LogisticRegression(C=1, class_weight=None, dual=False, fit_intercept=True,
          intercept_scaling=1, max_iter=2000, multi_class='ovr', n_jobs=1,
          penalty='l2', random_state=None, solver='sag', tol=0.0001,
          verbose=0, warm_start=False)

## TEST NEW TWEETS

In [11]:
t = pd.Series(np.array([
    "I loved my flight",
    "I hated my flight",
    "I flew today"
]))
t_clean = StemmerCleaner().fit(t).transform(t)
t_trans = trans.transform(t_clean)
model.predict(t_trans)

array([ 1, -1,  0], dtype=int64)

Actual tweets

In [12]:
t = pd.Series(np.array([
    "When @VirginAmerica didn't have flights for Vegas. So you decide to give @united a try. #fail",
    "I didn't realize that if the smoke alarm goes off in an airplane bathroom,  @VirginAmerica plane staff protocol is to bang down the door mid pee-stream and berate you loudly so the entire rear cabin can hear, while you're still buttoning up your pants and asking what's going on.",
    "Please do not fly @AmericanAir. When their flights arrive over 1hr 40min late causing me to miss my connection they REFUSED to comp a hotel. Told me to pay myself or sleep in the airport.",
    "The @VirginAmerica lounge at London Heathrow beats all I’ve ever seen.
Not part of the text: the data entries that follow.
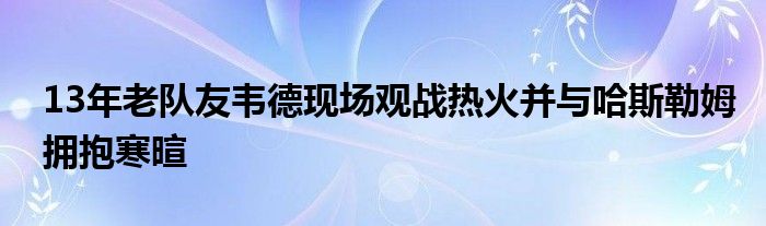 本場比賽爵士隊小老板、熱火名宿韋德今晚攜妻子尤尼恩現場觀戰,韋德與熱火隊長哈斯勒姆相擁并寒暄片刻。
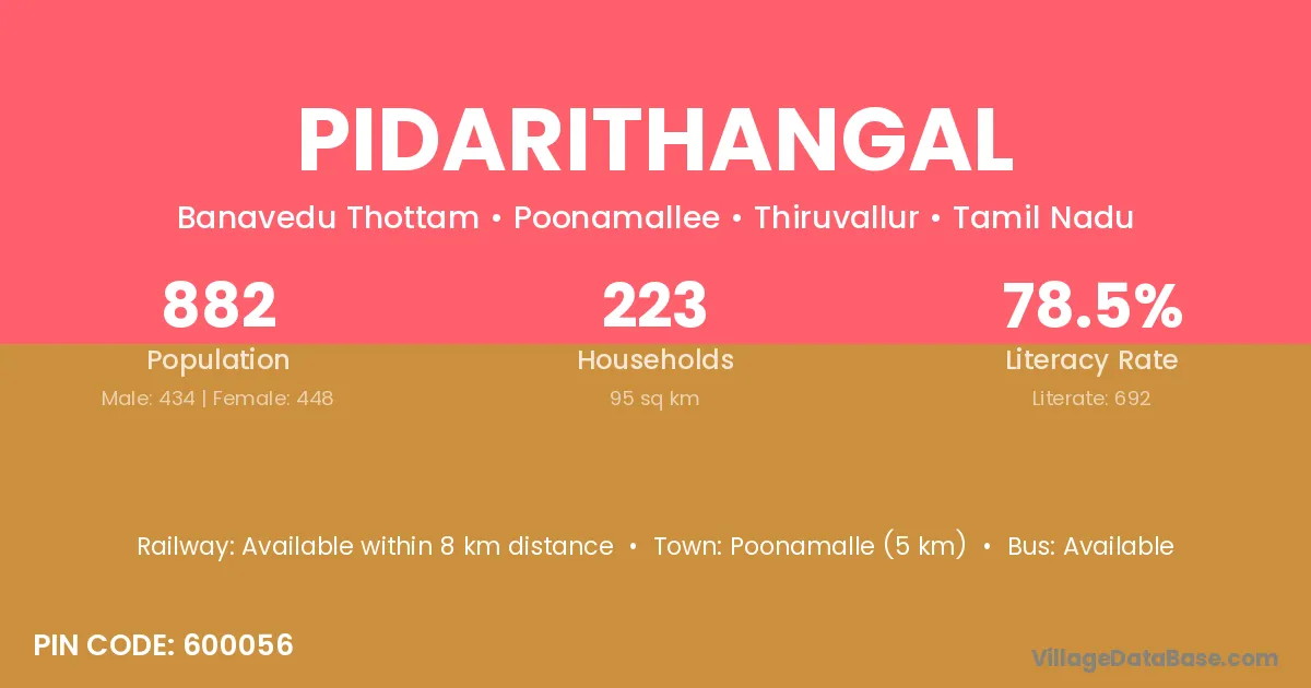 Poonamalle (5 km) is the nearest town to Pidarithangal village for major economic activities and is located approximately 5 km away.
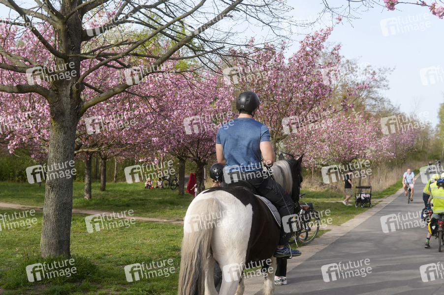Blühende Japanische Kirschbäume entlang der TV-Asahi-Kirschblütenallee am Berliner Mauerweg im Stadtteil Lichterfelde und Teltow. Berlin, 07.04.2024
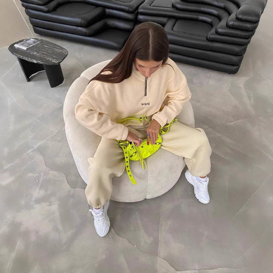 Damen modischer Fleece-Pullover mit Halb-Reißverschluss und überschnittenen Schultern Merchesia

Table service. Full spa. Amazed! ",
    "Thank you, @AlaskaAir, for adopting and integrating @VirginAmerica humour, referencing the “onboard spacious, luxurious lavatories.”"
]))
t_clean = StemmerCleaner().fit(t).transform(t)
t_trans = trans.transform(t_clean)
preds = model.predict(t_trans)

for i in range(len(preds)):
    print(preds[i], t[i])

-1 When @VirginAmerica didn't have flights for Vegas. So you decide to give @united a try. #fail
-1 I didn't realize that if the smoke alarm goes off in an airplane bathroom,  @VirginAmerica plane staff protocol is to bang down the door mid pee-stream and berate you loudly so the entire rear cabin can hear, while you're still buttoning up your pants and asking what's going on.
-1 Please do not fly @AmericanAir. When their flights arrive over 1hr 40min late causing me to miss my connection they REFUSED to comp a hotel. Told me to pay myself or sleep in the airport.
1 The @VirginAmerica lounge at London Heathrow beats all I’ve ever seen. Table service. Full spa. Amazed! 
1 Thank you, @AlaskaAir, for adopting and integrating @VirginAmerica humour, referencing the “onboard spacious, luxurious lavatories.”